In this article I use the sense of rupture implicit in Jacques Lacan’s theory of the gaze to explore film adaptations of Hamlet. My discussion focuses on three well-known adaptations of the play: Olivier, Branagh and Almereyda. I particularly employ Slavoj Žižek’s conception of Lacan’s ‘anamorphic stain’, and Henry Krips’s reading of the points of rupture of the gaze to investigate the symbiotic relationship between the demands Shakespeare’s text makes on film-production, and filmmakers’ manipulation of libidinal-looking in conceiving diegetic space. My contention, that negotiation of concretized film space is the central issue to be confronted in the adaptation of Shakespeare to the genre codes of film, directs my attention to instances of what I term ‘liminal space’, sites of apparent filmic resistance to the concrete (visually defined, realistic, photographic, naturalistic) space of the film diegesis. Though psychoanalytic theory is central to my paper, I attempt to address the recent ‘post-Theory’ theses proposed by Bordwell et al., by grounding theory always in discussion of filmic style, directorial technique and the various signifiers that compose the screen image.

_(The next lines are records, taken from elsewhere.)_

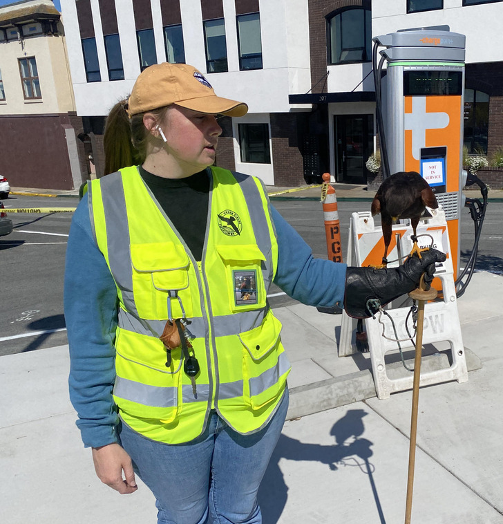 8. “Esta mulher e seu falcão foram contratados para passear pela minha cidade local dez horas por dia para espantar as gaivotas”
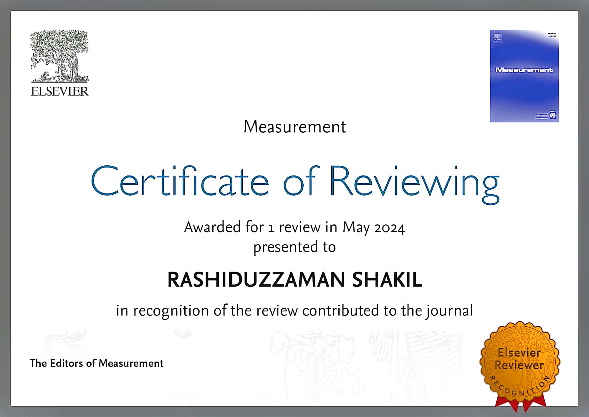 - Reviewer in Measurement journal and reviewed one (1) article.
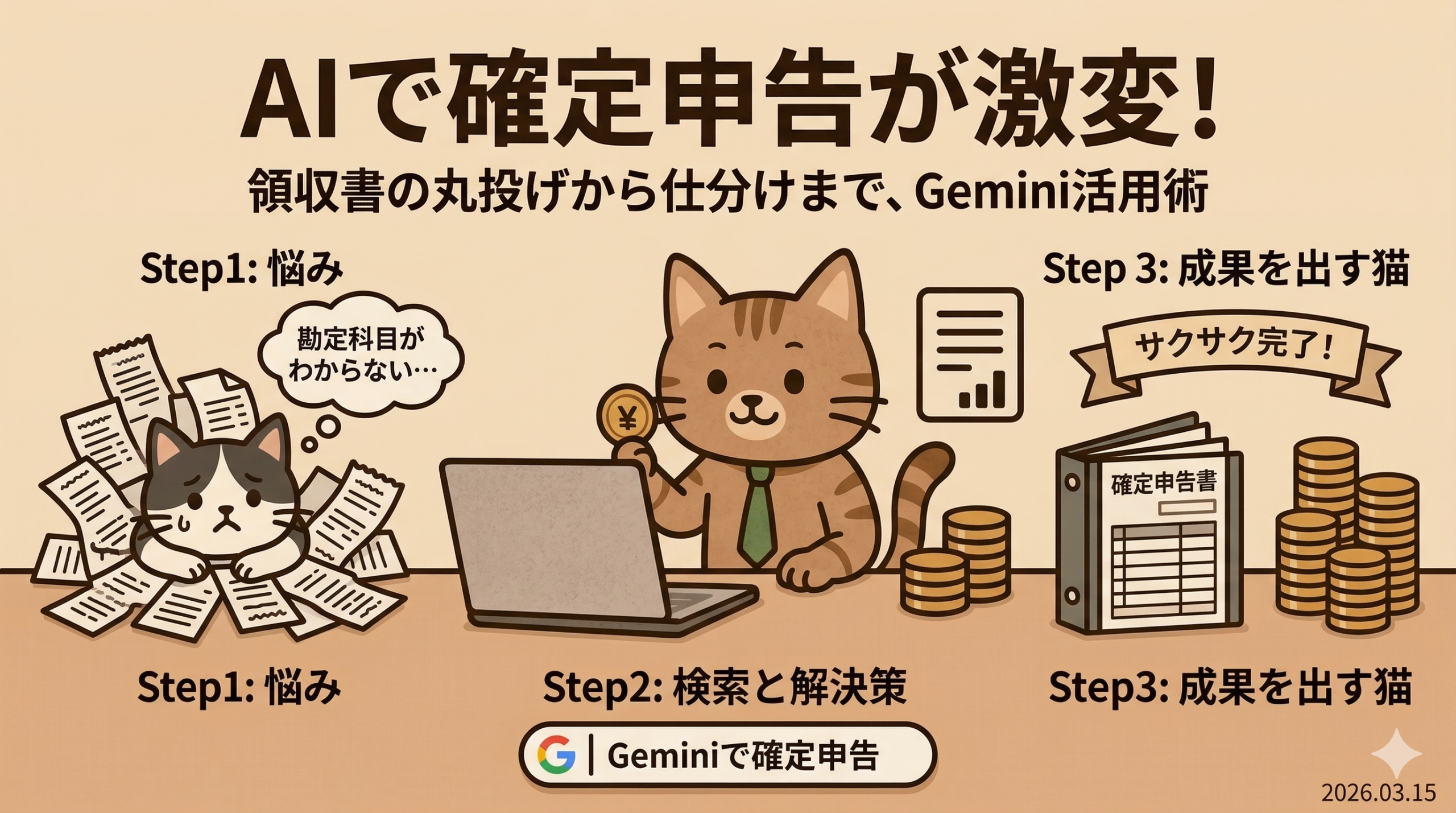 手元にある直近の領収書を1枚だけGeminiにアップロードして、勘定科目を聞いてみてください。「え、これでいいの?!」という驚きが、きっとあるはずです。

MIRROR TRICKS AND SPECTRAL PRESENCES

To hold, as, ’twere, the mirror up to nature . . .

(3.2.21–2)

At the very opening of the era of cinema, theatrical productions begin to incorporate a series of special effects that uncannily seem to anticipate the future of new form – partially due to technological advances, and partly in order to maintain interest in customers wooed by forerunners to the silver screen. ‘Pepper’s Ghost’, the use of two reflective screens of glass to make a ghost appear on stage, was developed by Henry Dircks in 1862 and perfected for theatrical use by Henry Pepper towards the end of the nineteenth century. The technique required that a second stage be constructed beneath the actual stage, and two reflective screens of glass put into place, the first set at a ninety-degree angle above the lower stage, the second in front of it.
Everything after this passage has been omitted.